Student-led class in the Holistic Me afterschool program. Photo by Colby Ware
This week, Baltimore Board of Education announced plans to increase the number of police present in Baltimore City Public Schools. According to the Baltimore Sun, school officials, citing safety concerns and an effort to build relationships between officers and students, will reinstate unarmed officers in 30 schools this fall, increasing the number of schools with permanently assigned officers from seven to 37. Twenty-eight armed officers will continue to patrol school grounds and surrounding communities. This is a reversal of the decision last year to pull police out of schools after legislation that would have allowed them to be armed while in the school building failed.
Leaders of the teachers and administrators unions both praised the move, citing the need for school police to be inside schools, building relationships with students and staff. Marietta English, president of the Baltimore Teachers Union, predicted the move would “significantly improve the schools climate and foster healthy relationships between the police, [union members,] students and parents.”
But some advocates for school discipline reform are concerned that a police presence in schools will do more harm than good if they are not trained and integrated properly.
OSI-Baltimore’s Education and Youth Development program aims to refocus, reduce, and ultimately eliminate school policing to decrease arrests.
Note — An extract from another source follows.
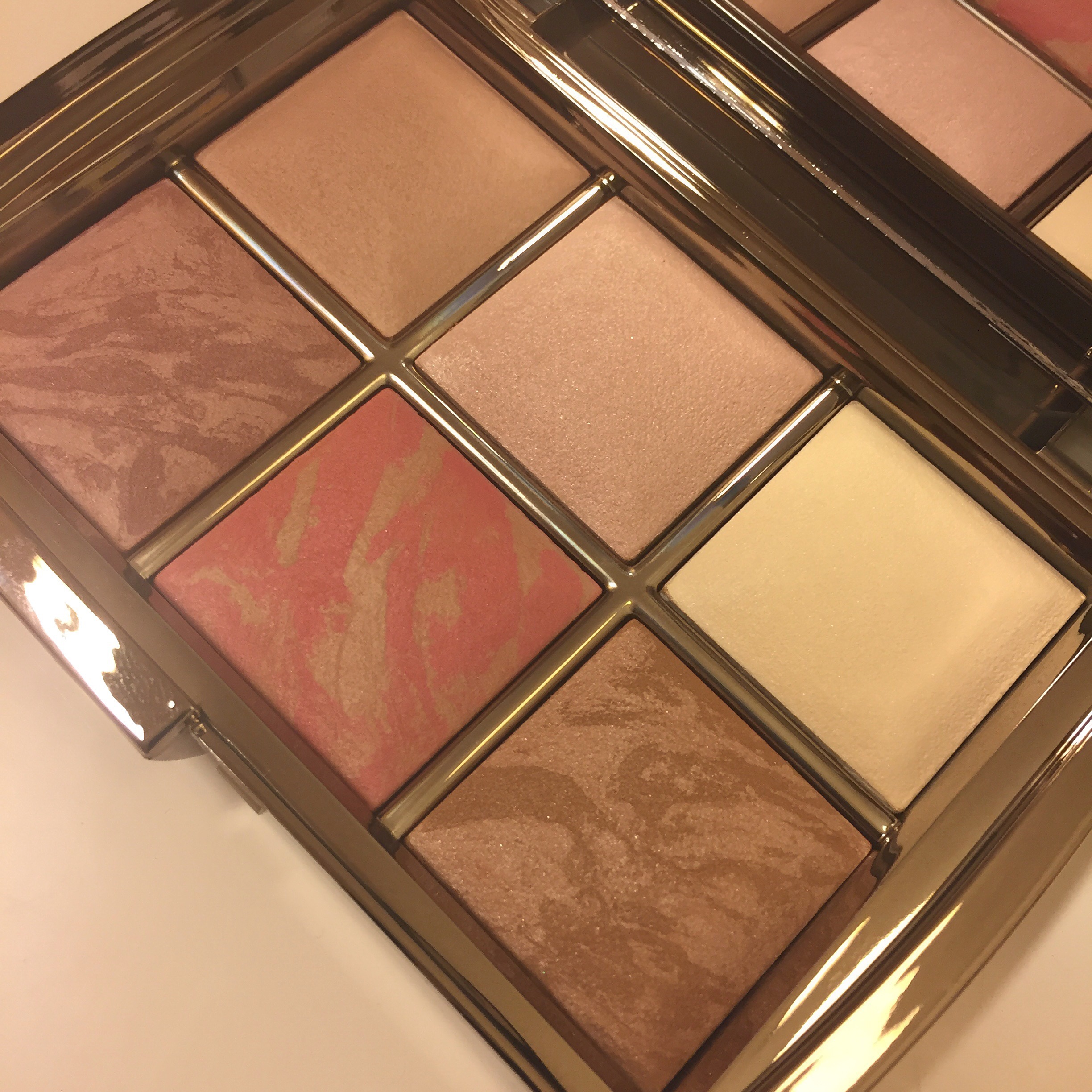 För mig som bara hört massa bra om Hourglass puder men själv inte vågat testa så var denna palett perfekt infart till märket. Varför har jag inte testat då kanske du frågar, ja för att meningar som ”lit from within” och ”brings a radiant on the face” skrämmer mig. Då tänker jag genast Hej Diskokula. Jag som redan har rätt mycket glans behöver inte skina mera.

We understand that safety in Baltimore City Public Schools is paramount, but it is in everyone’s interests to ensure that our students are respected, treated humanely, and not victimized by the very people hired to protect them. We are heartened to learn that the new plan calls for the creation of a professional standards unit to handle internal affairs as well an increase in officer training for de-escalation strategies, bias awareness, and trauma and mental health issues. If police are going to be in our schools, we believe they must be a positive, supportive force that creates safer environments for our children.
OSI supports programs that are working to transform school climate. The Positive Schools Center (PSC) of the University of Maryland School of Social Work, an initiative funded by a multi-year grant from OSI, is dedicated to creating positive school climates in which students can thrive and grow, both academically and socially. Another grantee, The Holistic Life Foundation created an afterschool program, Holistic Me, that works with Baltimore City students to introduce the concepts of yoga, mindfulness, meditation, centering and breath work to empower them with skills needed for peaceful conflict resolution, improved focus and concentration, greater control and awareness of thoughts and emotions, improved self-regulation, anger management, and stress reduction.